─── Information shown ───

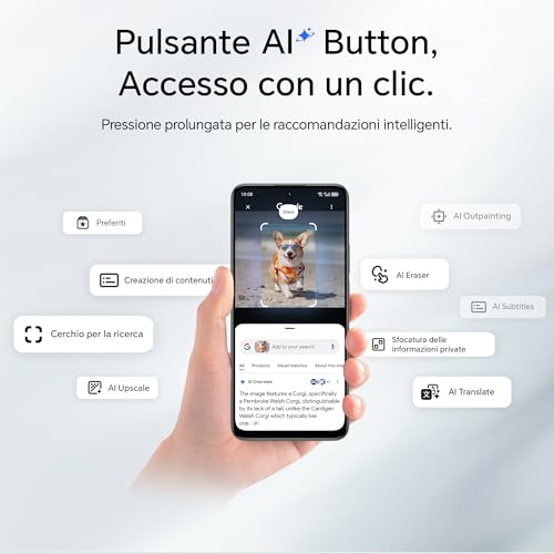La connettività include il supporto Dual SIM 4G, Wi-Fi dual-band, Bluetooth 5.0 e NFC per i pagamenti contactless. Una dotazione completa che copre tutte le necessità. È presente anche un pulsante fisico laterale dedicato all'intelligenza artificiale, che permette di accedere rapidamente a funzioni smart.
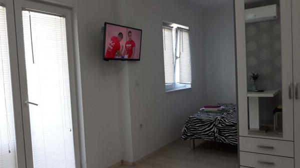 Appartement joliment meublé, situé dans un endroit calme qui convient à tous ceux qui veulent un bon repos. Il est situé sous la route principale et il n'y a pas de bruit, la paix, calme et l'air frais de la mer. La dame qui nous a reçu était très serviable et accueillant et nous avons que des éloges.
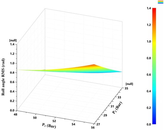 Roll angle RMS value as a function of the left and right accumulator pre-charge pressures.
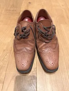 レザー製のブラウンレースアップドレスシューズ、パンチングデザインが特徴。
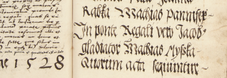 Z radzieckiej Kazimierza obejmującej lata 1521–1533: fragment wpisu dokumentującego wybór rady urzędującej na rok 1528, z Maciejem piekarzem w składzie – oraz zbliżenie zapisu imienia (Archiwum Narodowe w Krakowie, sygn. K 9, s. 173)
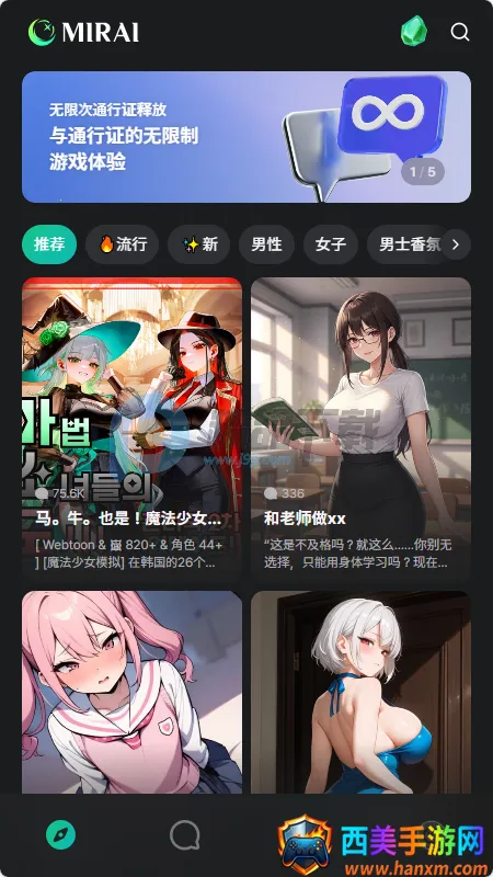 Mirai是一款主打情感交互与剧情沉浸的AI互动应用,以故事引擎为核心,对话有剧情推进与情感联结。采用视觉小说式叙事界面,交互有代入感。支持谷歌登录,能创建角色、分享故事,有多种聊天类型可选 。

───

* _Requirement_:
The records above are to be repeated exactly, with every picture removed from the copy.

* _Response to the task_:
La connettività include il supporto Dual SIM 4G, Wi-Fi dual-band, Bluetooth 5.0 e NFC per i pagamenti contactless. Una dotazione completa che copre tutte le necessità. È presente anche un pulsante fisico laterale dedicato all'intelligenza artificiale, che permette di accedere rapidamente a funzioni smart.
 Appartement joliment meublé, situé dans un endroit calme qui convient à tous ceux qui veulent un bon repos. Il est situé sous la route principale et il n'y a pas de bruit, la paix, calme et l'air frais de la mer. La dame qui nous a reçu était très serviable et accueillant et nous avons que des éloges.
 Roll angle RMS value as a function of the left and right accumulator pre-charge pressures.
 レザー製のブラウンレースアップドレスシューズ、パンチングデザインが特徴。
 Z radzieckiej Kazimierza obejmującej lata 1521–1533: fragment wpisu dokumentującego wybór rady urzędującej na rok 1528, z Maciejem piekarzem w składzie – oraz zbliżenie zapisu imienia (Archiwum Narodowe w Krakowie, sygn. K 9, s. 173)
 Mirai是一款主打情感交互与剧情沉浸的AI互动应用,以故事引擎为核心,对话有剧情推进与情感联结。采用视觉小说式叙事界面,交互有代入感。支持谷歌登录,能创建角色、分享故事,有多种聊天类型可选 。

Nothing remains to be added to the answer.